■ TASK DETAILS
Drop every picture, then transcribe the remaining data exactly.

■ RECORDED DATA
===============

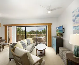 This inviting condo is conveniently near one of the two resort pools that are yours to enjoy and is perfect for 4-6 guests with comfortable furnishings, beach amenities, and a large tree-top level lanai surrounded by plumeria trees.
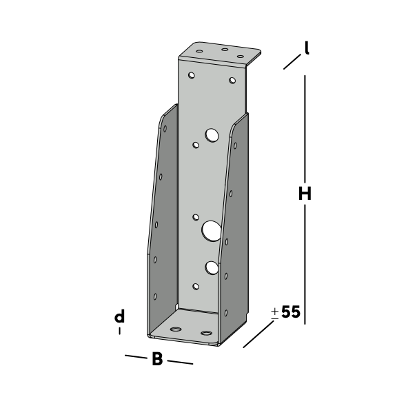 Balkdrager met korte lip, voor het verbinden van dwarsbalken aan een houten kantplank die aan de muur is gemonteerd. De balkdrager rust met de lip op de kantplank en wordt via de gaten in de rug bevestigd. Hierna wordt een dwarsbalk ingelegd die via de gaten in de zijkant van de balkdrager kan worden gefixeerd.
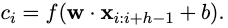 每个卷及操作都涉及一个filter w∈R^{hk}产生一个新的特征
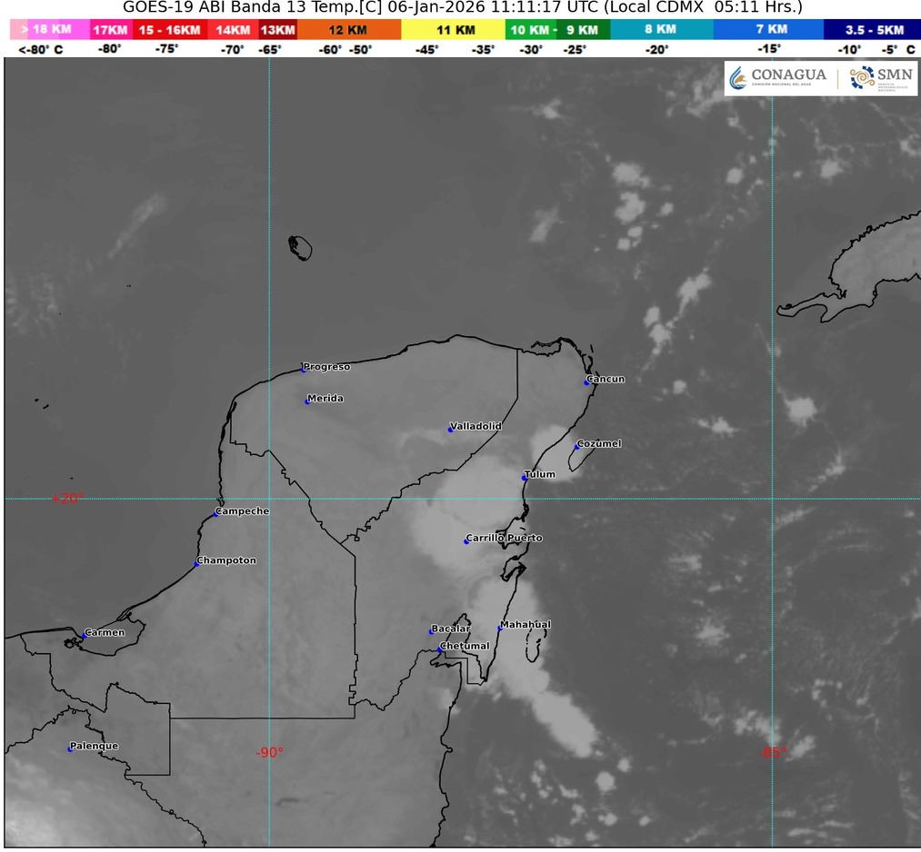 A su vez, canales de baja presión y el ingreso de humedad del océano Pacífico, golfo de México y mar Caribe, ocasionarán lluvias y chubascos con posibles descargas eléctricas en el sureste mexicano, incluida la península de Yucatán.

===============

■ ANSWER TO THIS EXERCISE
 This inviting condo is conveniently near one of the two resort pools that are yours to enjoy and is perfect for 4-6 guests with comfortable furnishings, beach amenities, and a large tree-top level lanai surrounded by plumeria trees.
 Balkdrager met korte lip, voor het verbinden van dwarsbalken aan een houten kantplank die aan de muur is gemonteerd. De balkdrager rust met de lip op de kantplank en wordt via de gaten in de rug bevestigd. Hierna wordt een dwarsbalk ingelegd die via de gaten in de zijkant van de balkdrager kan worden gefixeerd.
 每个卷及操作都涉及一个filter w∈R^{hk}产生一个新的特征
 A su vez, canales de baja presión y el ingreso de humedad del océano Pacífico, golfo de México y mar Caribe, ocasionarán lluvias y chubascos con posibles descargas eléctricas en el sureste mexicano, incluida la península de Yucatán.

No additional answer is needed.